◆ **Your assignment**
Exclude the pictures and transcribe the rest of the data below exactly.

◆ **Supplied information**
BEGIN
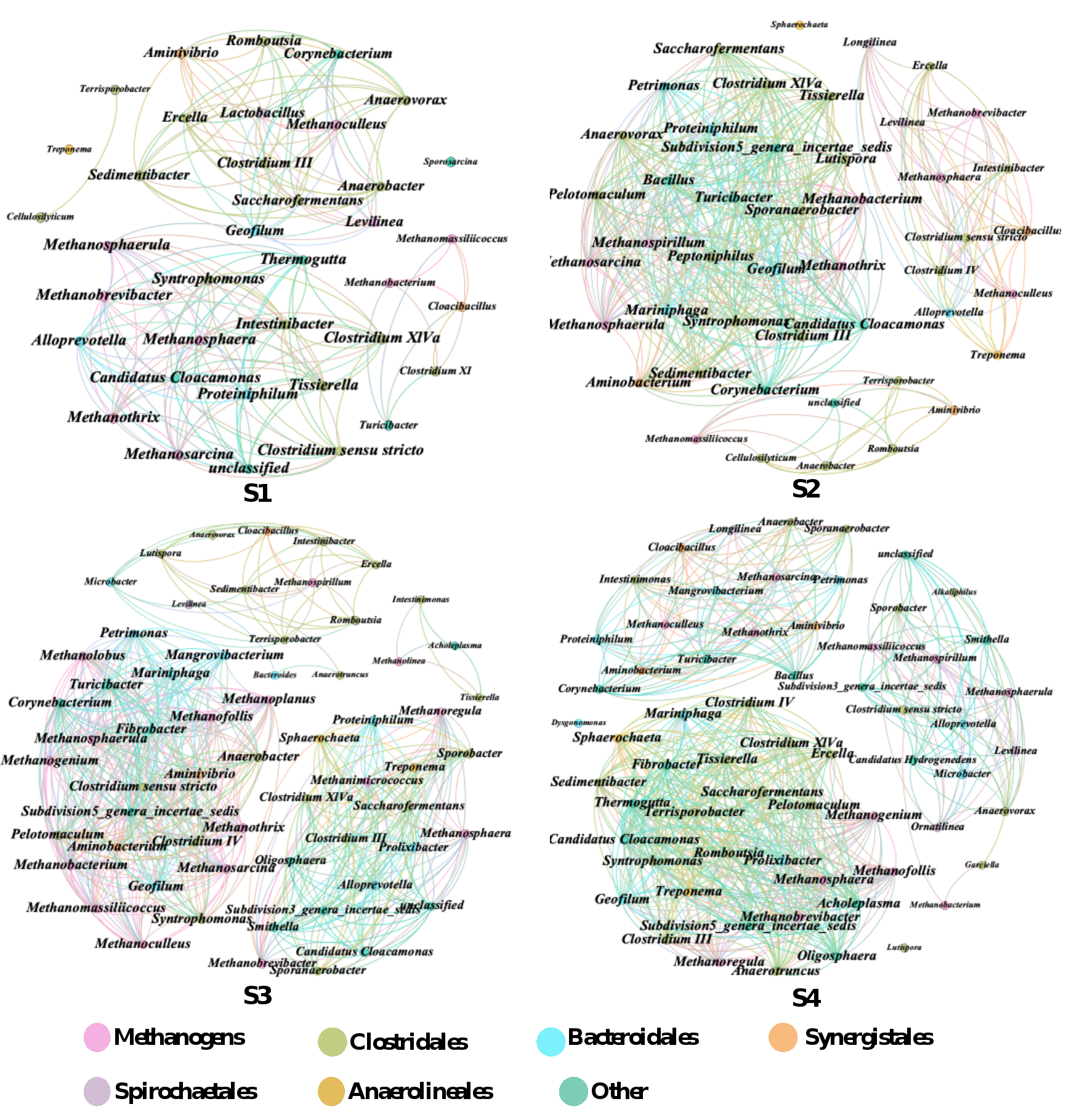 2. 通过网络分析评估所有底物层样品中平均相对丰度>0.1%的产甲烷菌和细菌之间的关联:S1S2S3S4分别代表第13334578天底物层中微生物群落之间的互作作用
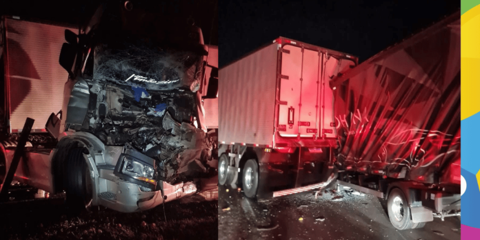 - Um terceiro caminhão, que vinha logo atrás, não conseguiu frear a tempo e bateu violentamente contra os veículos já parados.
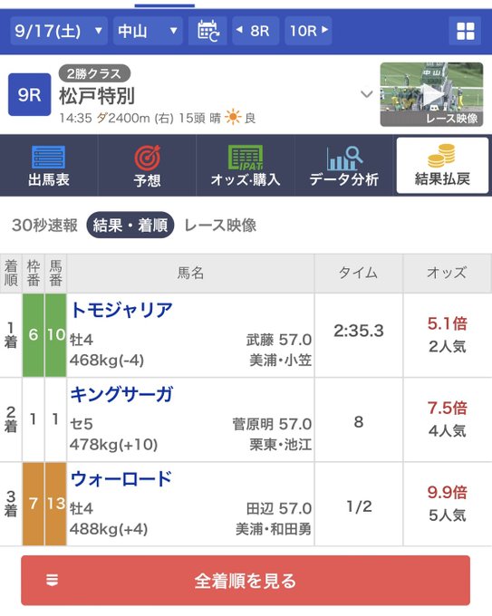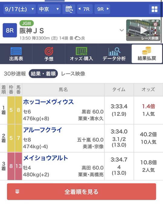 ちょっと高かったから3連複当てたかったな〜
END
◆ **Written response**
 2. 通过网络分析评估所有底物层样品中平均相对丰度>0.1%的产甲烷菌和细菌之间的关联:S1S2S3S4分别代表第13334578天底物层中微生物群落之间的互作作用
 - Um terceiro caminhão, que vinha logo atrás, não conseguiu frear a tempo e bateu violentamente contra os veículos já parados.
 ちょっと高かったから3連複当てたかったな〜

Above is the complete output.